JP2015080550A - Measurement device - Google Patents

Abstract

PROBLEM TO BE SOLVED: To provide a device capable of measuring an inner diameter in addition to an internal pressure and temperature of fluid flowing through a lumen, in a lumen of a living body.SOLUTION: A measurement device 10 includes: a guide wire 11 whose tip side can be inserted into a lumen; a first sensor 21 provided at the tip side of the guide wire; a second sensor 22 provided at a base end side from the first sensor in the tip side of the guide wire; and a third sensor 23 provided at the tip side of the guide wire. The first sensor and the second sensor detect physical values of fluid to measure pressure and temperature of the fluid flowing through the lumen respectively. The third sensor detects a physical value to measure an inner diameter of the lumen.

Description

  The present invention relates to an apparatus for measuring by inserting a first end side of a long member into a lumen of a living body.

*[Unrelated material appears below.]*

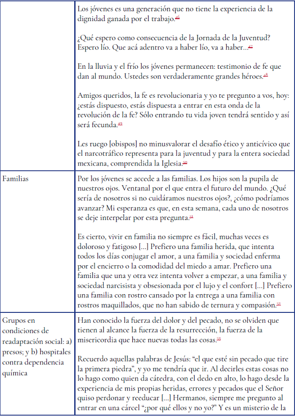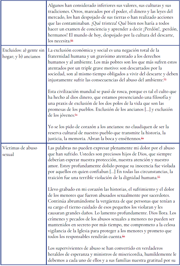 En el cuadro 1 se presentan algunos de estos códigos; son muestras de maneras de decir las significaciones pastorales de la misericordia a quienes la palabra puede “tocar el corazón”, porque se sabe que en “esos corazones” hay experiencias que comprenden y se enlazan con los mensajes. La limitación de este cuadro para “evidenciar” como dato lo anterior es que no permite articular todo el proceso de interacción entre Francisco con las personas, grupos y grandes colectivos en las circunstancias donde ocurrieron estos encuentros.
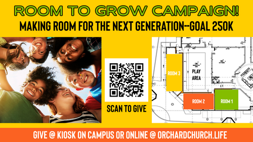 Our church has been exploding with the blessing of God in seeing young families and their children come to the Orchard. We are looking to raise 250k to expand our facilities and expand the Kingdom of God as we reach the next generation. Since we have the room for them and we just need the walls, let's make it happen for Jesus and the children!

  One index for determining the treatment policy for stenotic lesions in the coronary artery is the coronary flow reserve ratio (FFR). The coronary flow reserve ratio is the ratio of the internal pressure (Pa) upstream to the internal pressure (Pd) downstream of the stenotic lesion (FFR = Pd ÷ Pa). The coronary flow reserve ratio indicates the blood flow that is inhibited by a stenotic lesion. For example, if the coronary flow reserve ratio is 0.6, only 60% of the maximum blood flow is obtained by the stenotic lesion. It is judged that there is no flow. Generally, percutaneous coronary intervention (PCI) is indicated if the coronary flow reserve ratio is 0.75 or less, and pharmacotherapy is indicated if it is 0.8 or more.

  As a device for measuring an internal pressure in a coronary artery, a device in which a pressure sensor is provided on a guide wire is known (Patent Documents 1 and 2). Two pressure sensors are arranged at a distance from the distal end of the guide wire, the guide wire is inserted into the coronary artery, and the two pressure sensors are respectively provided at the proximal portion and the distal portion of the stenotic lesion. The internal pressure can be measured by positioning. Moreover, the thing provided with the blood-flow sensor and the temperature sensor other than a pressure sensor is well-known (patent documents 3-5).

JP-T-2001-517993 Japanese National Patent Publication No. 10-525269 JP-T-2001-504249 JP 2001-25461 A Special table 2008-514308

  When the coronary flow reserve ratio is measured and the stenotic lesion is expanded by the balloon catheter, it is necessary to measure the inner diameter of the blood vessel around the stenotic lesion in order to determine the size of the balloon catheter. The inner diameter of a blood vessel can be measured from outside the body, for example, by image processing using ultrasonic waves. However, there is a problem that a separate apparatus is required, or an accurate inner diameter cannot be measured depending on the shape of the blood vessel (for example, an elliptical shape). There is.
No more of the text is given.